§ **Instructions to follow**
Pictures excluded, retype the lines from the one containing "発動しているボーナスと、" through the last line of the data below, both included.

§ **Data segment**
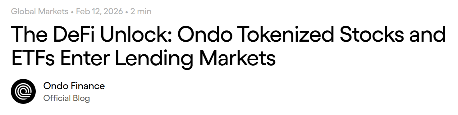 - Ondo 代币化股票在 DeFi 借贷市场上线
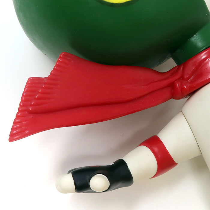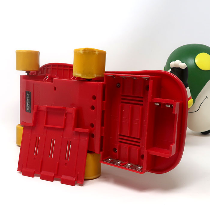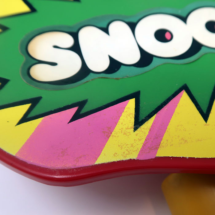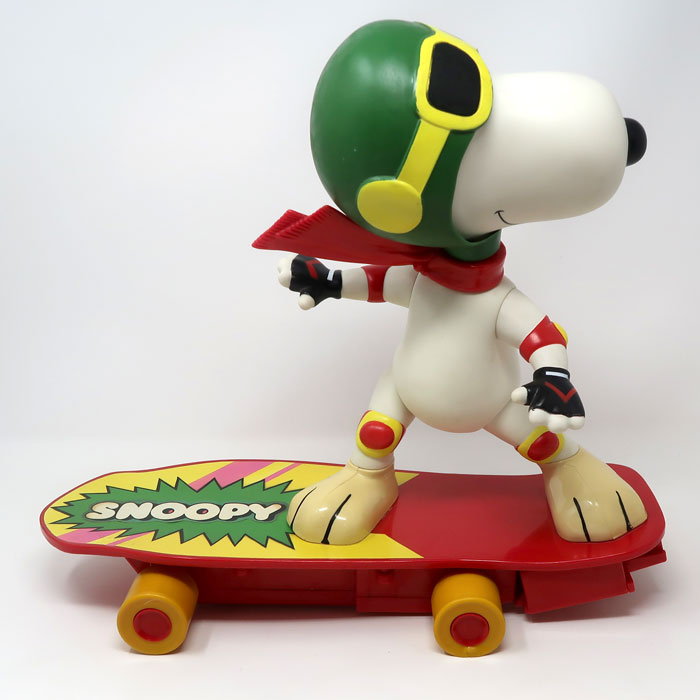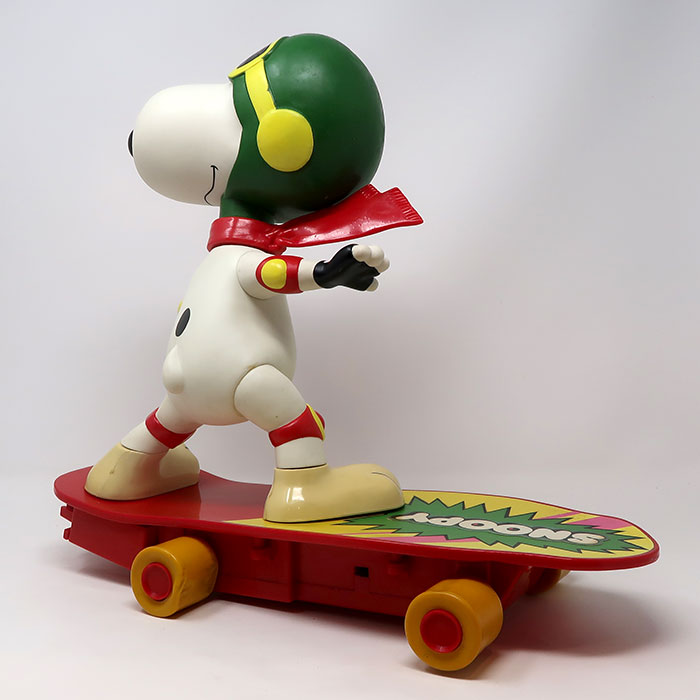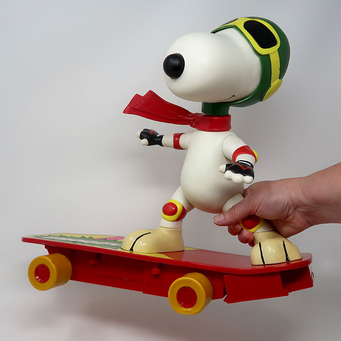 Condition: Shows signs of use overall. Baseplate has typical scratches from use. Back wheels have flat spots that partially interfere with use, but generally only when starting from a standstill. Scarf has some minor spotting, possibly from age. Snoopy sticker has some discoloration on edges. Some “overspray” on front of skateboard top. Typical yellowed feet on Snoopy. Remote is missing the battery cover, but it’s easy enough to keep the battery in with your hand or use tape.
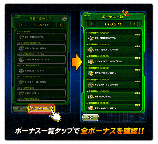 発動しているボーナスと、
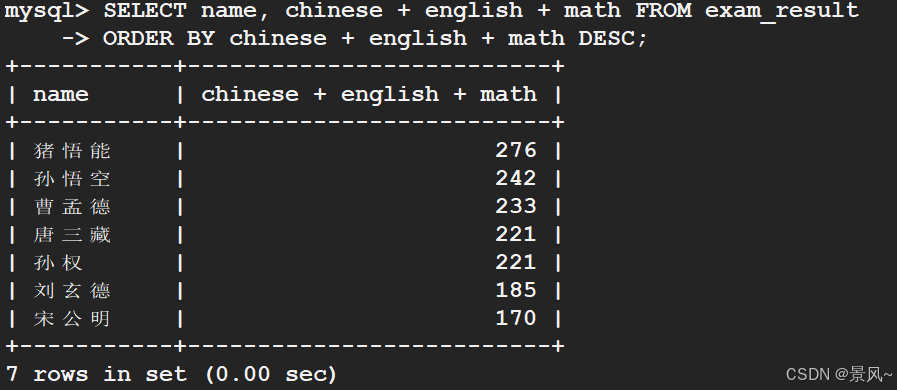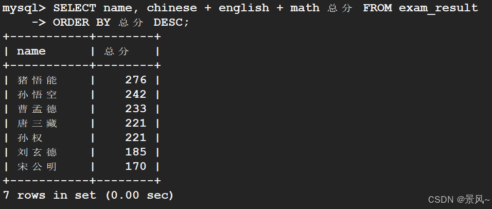 在select的column列表中指明要查询的列为姓名和总分(表达式查询),在order by子句中指明按照总分进行降序排序。如下:

§ **Task answer**
 発動しているボーナスと、
 在select的column列表中指明要查询的列为姓名和总分(表达式查询),在order by子句中指明按照总分进行降序排序。如下:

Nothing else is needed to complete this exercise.